Lanjut Basariah, The Economist Intelligence Unit bahkan menempatkan Indoensia sebagai negara demokrasi cacat
Menurut The Varieties of Democracy Project pada tahun 2023, Indonesia hanya mencapai skor 25, dan menggambarkan Indonesia sebagai negara kartel partai politik, karena maraknya bagi-bagi kekuasaan di antara partai politik, dengan akuntabiltas yang sangat kurang pada Pemilu.
BACA JUGA: OTT Perdana 2024, Bupati Labuhanbatu Terjaring Operasi KPK, Lebih dari 10 Orang Diamankan
Basariah juga menyinggung hasil penilaian dimana Indonesia ditempatkan sebagai negara dengan demokrasi yang buruk.
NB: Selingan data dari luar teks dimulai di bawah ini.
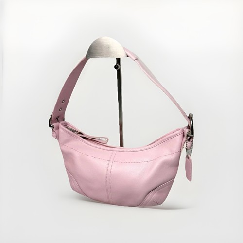 This vintage Coach Y2K shoulder bag accessory pouch is a stylish addition to any woman's wardrobe. Made of luxurious pink leather, this clutch exudes a retro charm with its unique design. Perfect for carrying essentials or as a statement piece to elevate any outfit, this accessory brings a touch of classic chic to any look.
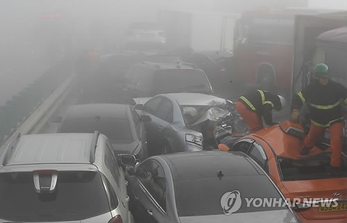 실제로 사고 현장에서 있던 한 운전자는 연합뉴스와의 인터뷰에서 "차량 앞유리에까지 안개가 낀 것 같았다"며 "사고가 난 차들이 안 보일 정도였다"고 전해 당시 안개 상황을 짐작케한다.
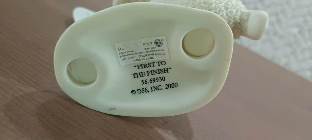 This is a vintage Department 56 figurine from the Snowbabies collection. The figurine features two snow babies racing each other and is titled "First To The Finish Line". It is made of ceramic and porcelain and was manufactured in China in the early 2000s. The figurine is white and has a snow pattern, and it is suitable for teens, adults, and girls who are interested in collectibles and holiday-themed items.

Digambarkan pula bahwa Indonesia sebagai negara dengan kartel politik dimana praktik bagi-bagi kekuasaan.
Oleh karena itu kami pimpinan KPK periode 2003-2019, kami menyerukan pesan moral kepada presiden dan penyelenggara negara melaksanakan pancalaku berikut.
1. Memperkuat agenda pencegahan dan pemberantasan korupsi dan sekaligus menjadi rule model sikap anti korupsi.
2. Menghindari segala benturan kepentingan conflict of Interest, karena merupakan langkah awal menuju praktik korupsi.
3. Memperbaiki tata kelola pemerintahan yagn baik good government, khususnya tata kelola penyaluran bantuan sosial berdasarkan daftar penerima bansos yang sah, sesuai nama dan alamat, by name by address.
Tata kelola bantuan sosial saat ini menjadi sorotan karena dilakukan dalam rentang waktu menjelang dilaksanakannya Pemilu 2024 dan tidak memperhatikan prinsip-prinsip good government.